On Thu, 7 Mar 2019, Patrick Donnelly wrote:
> > The problem here is that this is set based on POD_MEMORY_LIMIT, the point
> > at which we get ENOMEM, not the target POD_MEMORY_REQUEST, which is what
> > we should actually try to achieve.  IIUC the latter isn't going to be
> > found in any standard place in the container environment (besides the
> > kubernetes-specific POD_MEMORY_REQUEST).
> >
> > With that caveat, it seems like we should *also* look at the cgroup limit
> > * some factor (e.g., .8) as use it as a ceiling for *_memory_target...
> 
> After thinking about this more and given that _REQUEST is not
> available via the cgroup API, I'm wondering if _REQUEST is really
> valuable or not.
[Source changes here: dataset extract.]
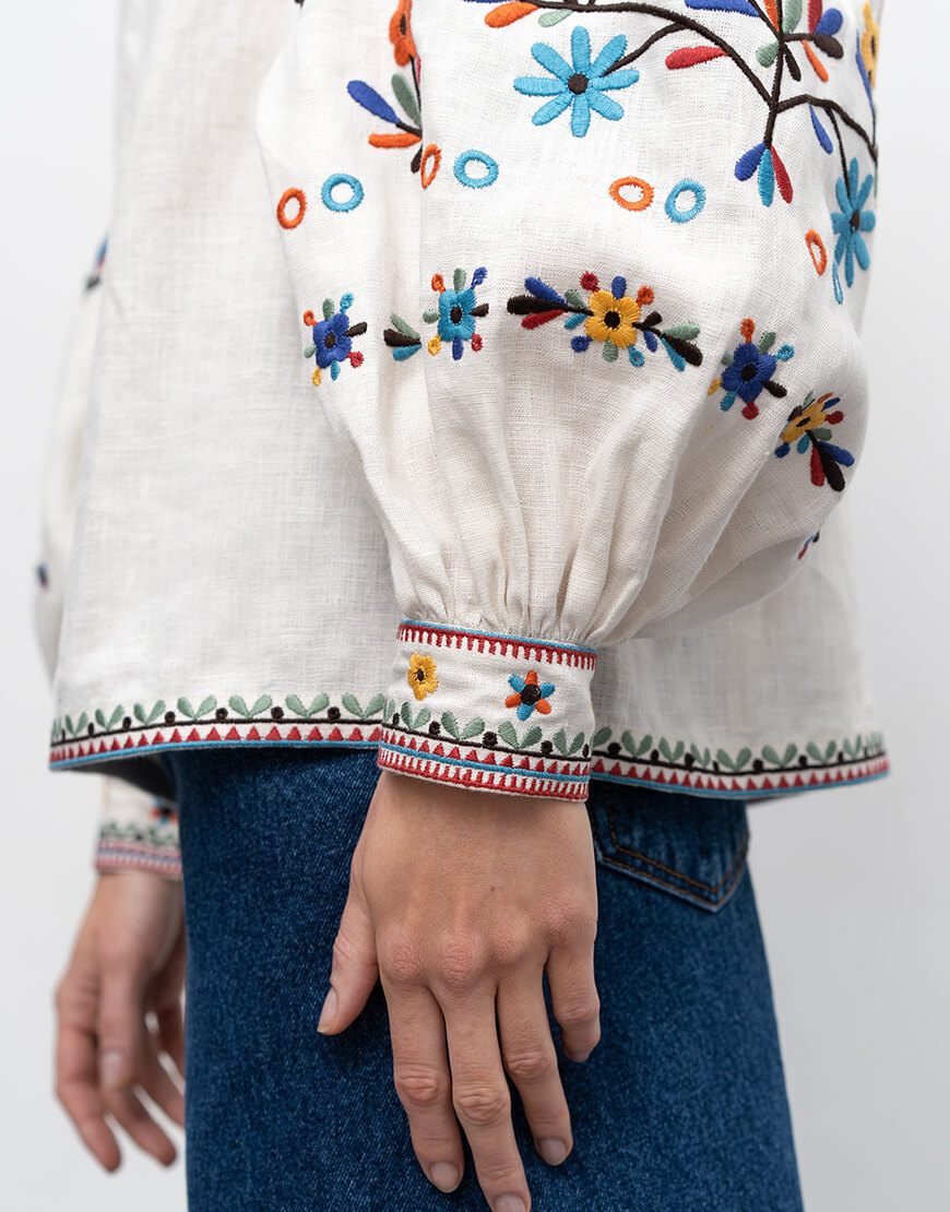 Низ рукавів збираються на широкі манжети та застібаються на ґудзики.

In practice (for Rook), what's valuable about
> _REQUEST vs. _LIMIT?
> 
> We can still have options for setting the desired memory target but
> why ask each operator to answer the question: "well, I have X amount
> of RAM for this daemon but it probably should just use (X-Y) RAM to be
> safe". Let's answer that question uniformly by adjusting config
> defaults based on the hard-limit.

>From the osd side of things, the reality is that whatever 
osd_memory_target is, our actual usage oscillates around that value by +/- 
10%.  And in general that is probably what we want... the host will 
generally have some slack and short bursts will be okay.  And setting a 
hard limit too close to the target will mean we'll crash with ENOMEM too 
frequently.

So, independent of what the mechanism is for setting the osd target, 
I'd probably want to set osd_memory_target == POD_MEMORY_REQUEST, 
and set POD_MEMORY_LIMIT 1.5x that as a safety stop.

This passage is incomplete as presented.